In reality the movement wasn't from romanticism to realism, but only to a new fantasy of the yakuza, a shift from meaningful violence erupting after other options have disappeared, to unrestrained meaningless mayhem born of anger, greed, stupidity, & lust for power. Yakuza films were suddenly void of the idea of "the exception," the gangster who could at least dream of doing good, whether or not his world made it easy.

That former assumption of a spark of good in a world of criminality was frankly the better way to tell a story, & turning yakuza films into tales of sociopathic behavior was one of the factors that brought about the decline of the Japanese gangster film, & the general collapse of the Japanese film industry during the 1970s & '80s.

The change in the genre was not wholly the fault of The Godfather (which was after all a great movie) but partly a desparate attempt to regain an audience, the classic type of gangser film of the 1960s having begun to fade as a national fad in Japan. The chivalrous films had a gigantic audience of the young & old, men & women; everyone saw them, & Ken Takakura in particular was revered as an incarnation of what it meant to be Japanese. But the new type psycho-gangster epic attracted an audience mainly of young men & never really regained Japan's universal fascination for the gangster world that had for so long been regarded as the final bastion of samurai ethos.

Although the mythic antihero was much more compelling than the treacherous sociopath, Bunta Sugawara's screen presence & suitability for the latter character type was undeniably extraordinary. The Yakuza Papers cycle are period pieces set in the immediate aftermath of the Pacific War, when the Japanese learned they were not an undefeatable divine race, & were told by their God, the Emperior, "I am not God." If there was no god, then everything that issued forth from that assumption, including Humanity & Duty & Honor, were likewise frauds, & all that remained was chaos.
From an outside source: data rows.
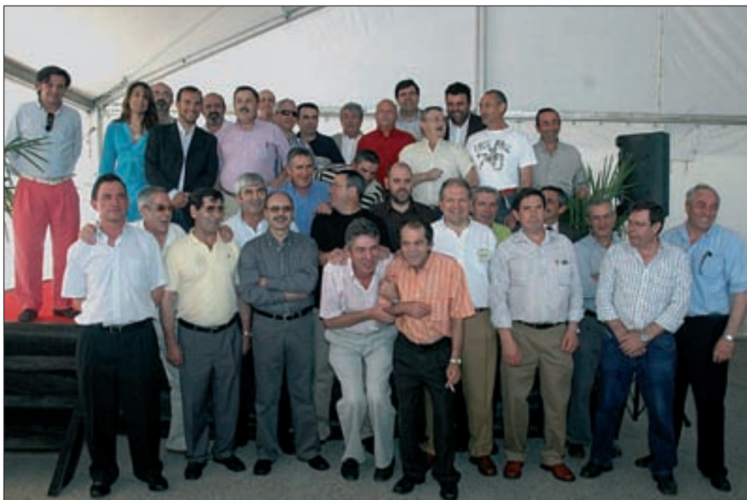
Foto de familia de los trabajadores homenajeados, junto a responsables de la fábrica y del Ayuntamiento de Azuquerra, entre ellos el alcalde y los concejales de Promoción Económica y Hacienda

Coincidiendo con el 40 aniversario de la fábrica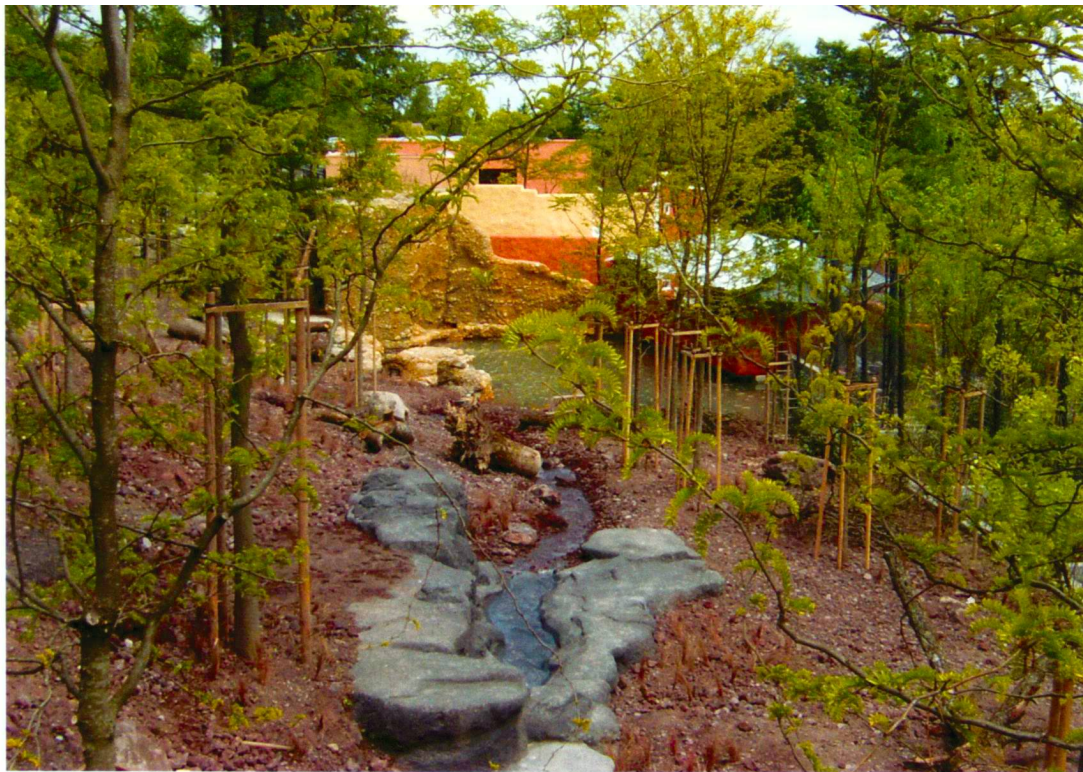
Walter Vetsch (6)

Extrait de la simulation de savane arboré, marquée par des végétaux au fin feuillage contrastant avec les arbustes à grandes feuilles, des graminées sèches et de la terre brûlée (lave).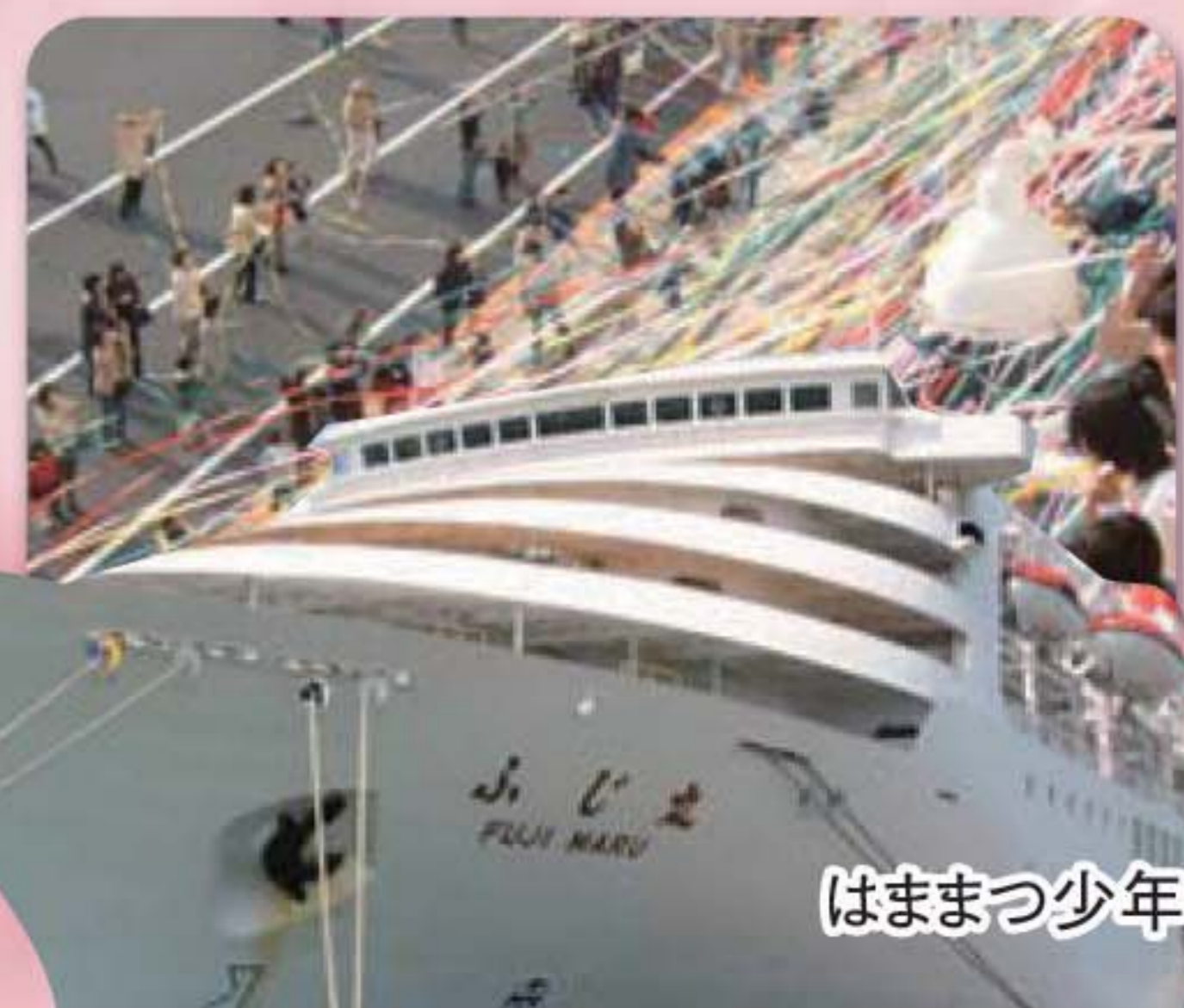
はままつ少年の船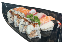
101 UME SUSHI 10 PZ 4 uamaki, 6 nigiri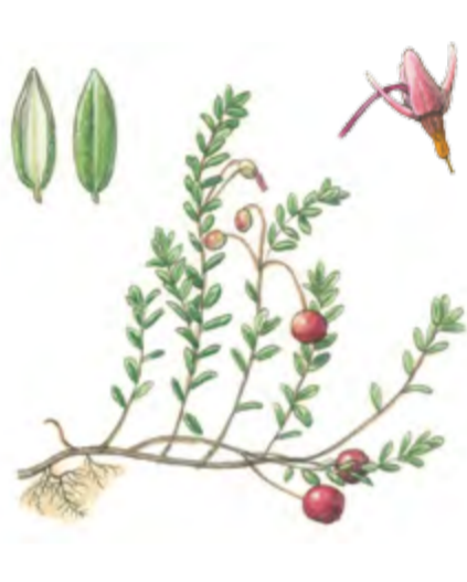
Gewöhnliche Moosbeere Vaccinium oxycoccos 2 – 6 cm | Mai – August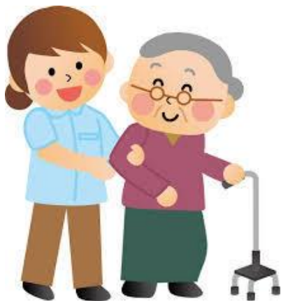
検査・外来受診送迎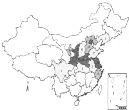
图 1 中国主要陵墓分布图

Yakuza films of either group -- the sociopathic, or the chivalric -- can seem slow to the point of tedium to a novice viewer, & even the action can seem dull when the convoluted excessively complicated plot points seem ultimately of no consequence. Much of the tedium extends from the fact that the conventions of the genre were never aimed at western viewers. After viewing a great many such films, shared subtexts with specific cultural meaning become obvious, with tales of sociopaths conveying the loss of Humanity contiguous with the loss of the Emperor as God, & tales of chivalrous gamblers being the last-ditch effort to hold onto some element of tradition & order in a world that has come apart at the seams.

The kitschier ultra-modern yakuza films epitomized by Ichi the Killer (2001) & others by Takashi Miike, are more immediately accessible for their pure exploitation value. But if one has a grounding in the yakuza film types that came before, Miike's & similar directors' borrowings & twists on the classic methods reveal unexpected nuance & texture even in the newest class of yakuza films.